The question was whether or not the alleged incidents constituted unreasonable behaviour by the General Manager and whether his actions were reasonable management action carried out in a reasonable manner. Given the company called ten witnesses to support its case, the Commission thought there may be an impact on the applicant’s successful return to work. Those witnesses referred to the Applicant as resisting the changed reporting, and engaging in a campaign against the General Manager involving reluctant cooperation and open hostility.

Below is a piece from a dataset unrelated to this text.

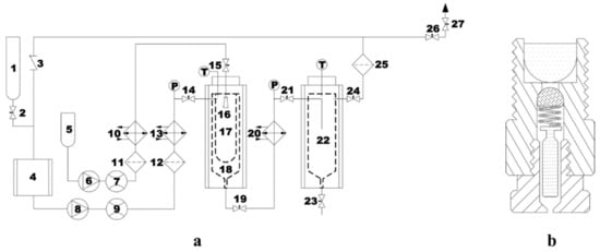 Schematic diagram of the supercritical antisolvent (SAS) device (a) and the nozzle (b). (1) CO2 cylinder; (2, 14, 15, 19, 21, 23, 24, 26, and 27) valves; (3) check valve; (4) CO2 cooler; (5) liquid solution supply; (6) liquid pump; (8) CO2 pump; (7 and 9) flow meter; (10, 13 and 20) heat exchangers; (11, 12, and 25) filters; (16) nozzle; (17) stainless steel frit vessel of 200 nm; (18) precipitation chamber; (22) gas–liquid separation chamber.
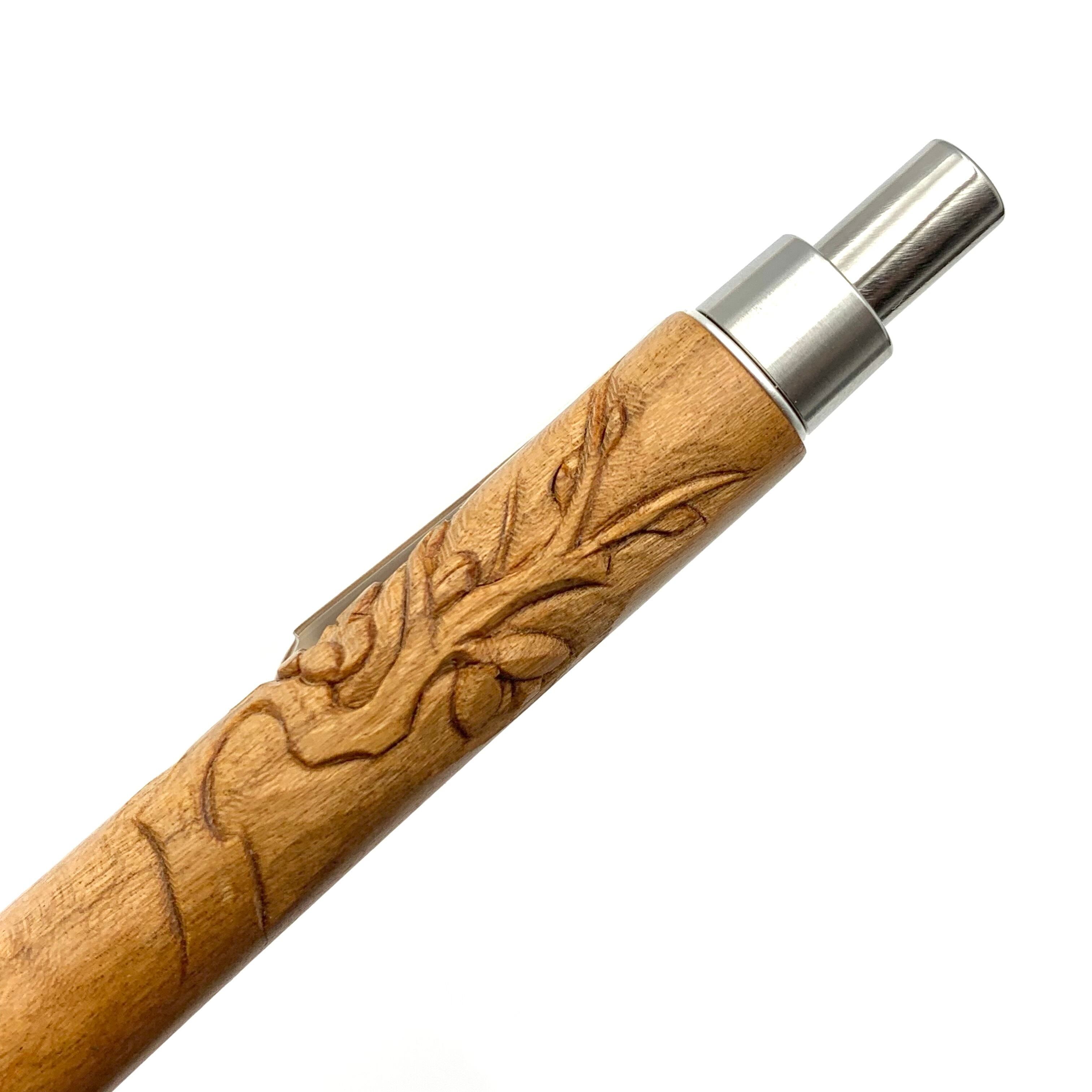 ペンシルは軸ブレが起こりにくい固定式口金を採用し、木の表情を最大限に楽しめる木軸の長さと、書き心地にこだわったバランスで金具を設計してあります。

After a detailed consideration of the evidence, the Commission found:
- rather than take the initiative and ask about whether or not she should attend meetings or provide information, the applicant waited for direct instructions or invitations, largely explained by her insecurity about the changed arrangements;
- the applicant felt her work and her authority were threatened by the General Manager and she was unsure what the consequences of greater openness and engagement would be;
- that she had considerable difficulty accommodating the changes;
- that the General Manager and the other state level managers were all male and got on well, and that a female manager would be somewhat of an outsider when coming into this all male group for the first time;
- that both the applicant and the General Manager anticipated that the 30 October meeting might be difficult, and that both would tend to see the behaviour of the other critically and exaggerate elements of it;
- that to conduct the meeting behind closed doors was reasonable management action as it was for the General Manager to itemise the matters about which he felt the applicant should have kept him informed, and that this aspect of the meeting did not amount to hounding or harassment;
- however, having observed the General Manager in the witness box, he had been angry and had spoken in an aggressive tone at the meeting and the applicant was shocked and upset;
that by 30 October the General Manager and the other managers had developed a joint view of the applicant as a problem, and that this amplified the General Manager’s feeling of agitation about the applicant’s behaviour;
- that it is to be expected that people, including managers, will from time to time get upset and angry and will express that upset and anger;
- it was reasonable management action for the General Manager:
- to have forcefully communicated in both words and body language that the way in which the applicant was interacting with him was unacceptable and could not continue; and
- to have declined the request for a support person to attend every meeting he had with the applicant.
In summary, the Commission has indicated that what might in isolation be viewed as aggressive behaviour can clearly fall within reasonable management action – as long as it not repeated, and where there is a culmination of events that requires a meeting that has to bring matters to a head.